4. A fuel injection nozzle characterized by comprising: a nozzle body in which an injection hole is formed; a cylindrical outer needle that is brought into contact with and moved away from the nozzle body to open and close the injection hole; and an inner needle slidably inserted in the outer needle, wherein: a space that us defined, downstream of a seat portion at which the outer needle and the nozzle body are brought into contact with each other, by the inner needle, the outer needle, and the nozzle body is a sack; an area of the sack into and out of which a tip portion of the inner needle is moved and that is downstream of a portion, at which the injection hole is opened, is a sack-tip-portion space; when the outer needle is lifted and the inner needle is not lifted, fuel flows from the seat portion side directly toward the injection hole, so that a flow speed of the fuel in the injection hole is higher in one side of the injection hole than in the other side of the injection hole that is closer to the seat portion than the one side; and, when the outer needle is lifted and the inner needle is lifted, the fuel flows to the injection hole via the sack-tip-portion space, so that the flow speed of the fuel in the injection hole is lower in the one side of the injection hole than in said the other side of the injection hole that is closer to the seat portion than the one side.

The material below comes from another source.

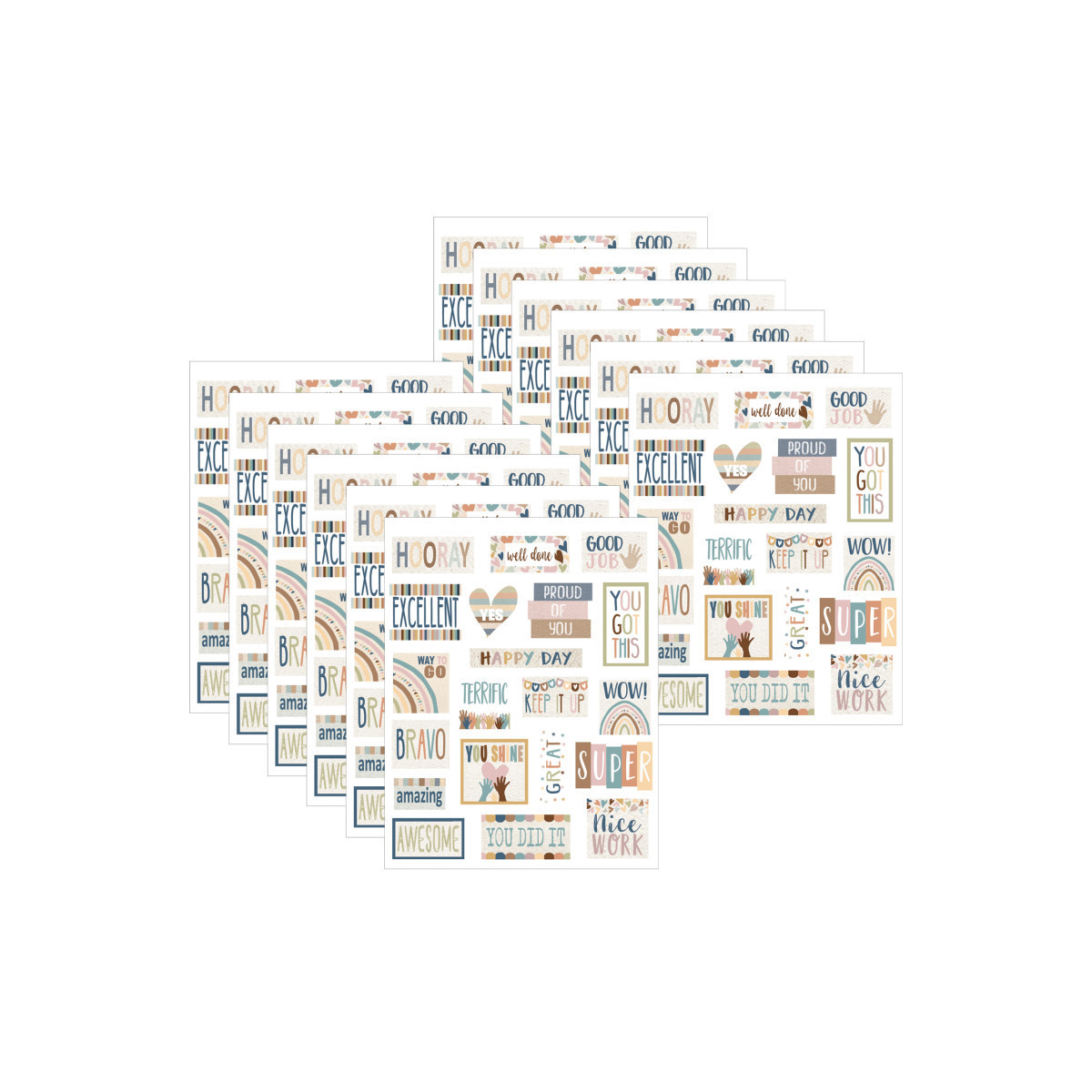 These cute, colorful stickers featuring inspirational messages help spotlight good behavior, boost motivation, and make good habits stick! Great on homework, incentive charts, and more. These stickers are nontoxic, acid-free and photo-safe. Stickers vary from about 1-3/4" to 1/2". Each pack includes 120 stickers in 20 designs. Sold as 12 packs for a total of 1440 stickers.

5. A fuel injection valve characterized by comprising: a fuel injection nozzle according to any one of claims 1 to 4; a first drive portion that drives the outer needle; and a second drive portion that drives the inner needle.

6. The fuel injection valve according to claim 5, wherein: the outer needle is made of magnetic metal, has at one end a seat surface that is brought into contact with the nozzle body at the seat portion, and has at the other end a first brim portion; the first drive portion includes a solenoid that drives the outer needle by magnetic attractive force; and the first drive portion is located facing an end surface of the first brim portion on the side opposite to the seat surface side.

7. The fuel injection valve according to claim 5, wherein a closing-direction pressure chamber that applies, to the outer needle, a pressure that urges the outer needle in a closing direction and an opening-direction pressure chamber that applies, to the outer needle, a pressure that urges the outer needle in an opening direction are provided; and the first drive portion includes a valve element, made of magnetic metal, for reducing the pressure of the closing-direction pressure chamber and a solenoid that attracts the valve element in a valve opening direction when the solenoid is energized.

8. A fuel injection control system characterized by comprising: the fuel injection valve according to any one of claims 5 to 7; and control means that controls operation of the first and second drive portions.

9. The fuel injection control system according to claim 8, wherein the second drive portion is designed to perform control so that an amount of lift of the inner needle is continuously varied.

10. The fuel injection control system according to claim 9, wherein the second drive portion includes a solenoid that drives the inner needle by magnetic attractive force.

11. The fuel injection control system according to claim 9 or 10, wherein the fuel injection control system is installed in an internal combustion engine in which a piston reciprocates, and the control means controls the second drive portion so that the closer to a top dead center the piston is, the larger the amount of lift of the inner needle is.